• Why I Decided To Live Slow


    Anna Pirkola

    One of the biggest human struggles since the beginning of modern times has been the attempt to achieve a balanced life. We push, pull and try to fit everything in, falsely believing that we can be everywhere and do everything all at once–spreading ourselves thin.

    If you were born in the late 80’s like me, you can attest to the revolution of technology. Life as we knew it changed before our eyes . . . suddenly everything went wireless, we no longer needed booth phones to call when away from home, video games were all the rage and all we could hear was that technology was here to make our lives easier.

    What started off as something that could ease the pace of our lives, ended up making us feel dissatisfied. It’s made us work harder, longer and feel a constant sense of unfulfillment. It’s like we cannot ever achieve our goals. Technology was supposed to connect us . . . but it’s pulled us away from real life–to the point where we now understand the difference between being “in” and “out of” real life (well, some of us still do).

    I used to think that faster was better. Only a year ago I was living my life like a race, doing everything on autopilot and living my entire life logged on, isolated from the real world–incapable of switching off even for the sake of my health or my relationships.

    The non-stop mentality is making us sick. In my book 30 Days To Minimal Blogging I explain how my response to anxiety in the past was to do more, to try harder and to never, ever stop hacking at the things that were difficult to deal with. We are tackling our challenges in the wrong way; we are doing more than ever but in that we are getting less and less life out of our days.

    Fast living at all times isn’t natural; the bigger, better, stronger philosophy is what brought us fast food–a disconnect with what we put on our plates. It’s made way for big chains, for dehumanizing services, for automating our consumption–without truly making things that once used to be an experience, what they should be.

    That’s why after spending my life trapped in the "do-not-stop" and the "boss-everything" mantras, I reached the tipping point and I needed to rewire the way I defined living.

    I’ve said this before: that often times the answer to changing a radical point of view is to start with a new radical approach and tweak that. So, my response to my fast-paced life was to make a 180 degree turn and start living slowly. Rethinking my approach to work, to myself, to my family, my relationships and my surroundings. In other words, I started being mindful.

    The Slow movement is not just about diminishing the speed at which we do things–it’s about being aware of ourselves and the things outside ourselves, about understanding when the right time is to be slow and when it’s time to be fast–and recognizing the difference at all times.
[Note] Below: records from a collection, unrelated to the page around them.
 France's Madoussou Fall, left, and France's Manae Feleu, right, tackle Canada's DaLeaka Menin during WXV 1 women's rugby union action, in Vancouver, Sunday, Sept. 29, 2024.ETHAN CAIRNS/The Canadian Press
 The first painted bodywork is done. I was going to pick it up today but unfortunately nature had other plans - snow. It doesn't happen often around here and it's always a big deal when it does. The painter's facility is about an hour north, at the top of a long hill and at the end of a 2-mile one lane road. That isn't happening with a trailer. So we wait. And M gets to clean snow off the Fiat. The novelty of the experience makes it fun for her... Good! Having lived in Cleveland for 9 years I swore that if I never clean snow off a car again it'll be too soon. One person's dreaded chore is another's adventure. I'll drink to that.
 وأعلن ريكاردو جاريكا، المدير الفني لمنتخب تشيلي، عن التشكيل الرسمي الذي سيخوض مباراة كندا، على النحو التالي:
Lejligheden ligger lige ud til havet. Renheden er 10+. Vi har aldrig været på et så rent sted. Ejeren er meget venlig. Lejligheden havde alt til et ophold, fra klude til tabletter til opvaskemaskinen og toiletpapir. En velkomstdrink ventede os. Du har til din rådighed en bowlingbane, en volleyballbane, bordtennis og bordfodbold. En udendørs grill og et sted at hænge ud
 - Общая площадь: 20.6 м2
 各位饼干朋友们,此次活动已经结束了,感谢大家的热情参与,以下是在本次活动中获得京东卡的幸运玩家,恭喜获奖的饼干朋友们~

    Certainly, living on the slow side is a challenge in this modern era we live in and it has doubly so been a challenge for me and for my business. We live in times where people feel entitled to a response almost immediately as they send in an email, where everything is urgent and no one can wait. I’ve had to force myself to comply with a daily schedule, to switch off on my weekends, to connect more outside of social media and find gratification in simple things–in cooking a simple meal, in spending 15 minutes in meditation, in having a conversation with my daughter and sitting in the learner’s seat once in a while.
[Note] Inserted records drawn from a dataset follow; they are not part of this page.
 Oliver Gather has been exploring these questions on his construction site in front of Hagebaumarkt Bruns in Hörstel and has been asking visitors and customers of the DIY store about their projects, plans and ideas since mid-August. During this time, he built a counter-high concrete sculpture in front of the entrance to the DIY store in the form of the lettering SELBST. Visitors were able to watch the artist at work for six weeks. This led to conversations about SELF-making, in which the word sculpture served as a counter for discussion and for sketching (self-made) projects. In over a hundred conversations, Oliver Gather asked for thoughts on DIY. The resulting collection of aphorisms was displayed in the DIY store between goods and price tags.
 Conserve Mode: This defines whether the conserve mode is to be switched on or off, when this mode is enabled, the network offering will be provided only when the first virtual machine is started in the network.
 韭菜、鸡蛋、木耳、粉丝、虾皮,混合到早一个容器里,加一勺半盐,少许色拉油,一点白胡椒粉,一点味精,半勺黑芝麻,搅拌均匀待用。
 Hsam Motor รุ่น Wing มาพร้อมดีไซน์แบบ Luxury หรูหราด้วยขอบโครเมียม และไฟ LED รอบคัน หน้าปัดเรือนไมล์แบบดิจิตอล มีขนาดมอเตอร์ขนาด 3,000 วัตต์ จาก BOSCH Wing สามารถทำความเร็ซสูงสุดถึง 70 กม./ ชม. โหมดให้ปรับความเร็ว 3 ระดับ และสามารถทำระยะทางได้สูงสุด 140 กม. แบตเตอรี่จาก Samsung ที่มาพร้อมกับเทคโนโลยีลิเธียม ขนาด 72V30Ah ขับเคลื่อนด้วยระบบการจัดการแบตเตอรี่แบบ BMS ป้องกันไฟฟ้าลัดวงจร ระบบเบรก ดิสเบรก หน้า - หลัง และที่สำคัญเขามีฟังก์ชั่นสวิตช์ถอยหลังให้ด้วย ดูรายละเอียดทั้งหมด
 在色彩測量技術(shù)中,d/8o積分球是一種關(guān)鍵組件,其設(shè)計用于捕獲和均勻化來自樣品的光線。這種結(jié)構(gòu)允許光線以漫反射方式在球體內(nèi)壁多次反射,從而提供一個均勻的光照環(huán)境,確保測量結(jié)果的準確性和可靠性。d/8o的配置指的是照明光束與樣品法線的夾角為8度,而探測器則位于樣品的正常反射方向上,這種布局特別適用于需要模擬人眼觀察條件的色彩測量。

    By taking simple actions in our lives, we contribute to everyone’s life–we add significance to the lives of the people we love, we contribute to our communities by buying local, we say no to dehumanizing treatment by making better choices. We re-educate people to wait and at the same time we allow ourselves to be better at what we ourselves do.

    It’s imperative for our health and our happiness that we learn to slow down by doing what we can to add more life to our days and we that we collectively start redefining what’s truly good and what it means to be truly stronger.

    It is time for all of us to remember that slow can also be a good thing.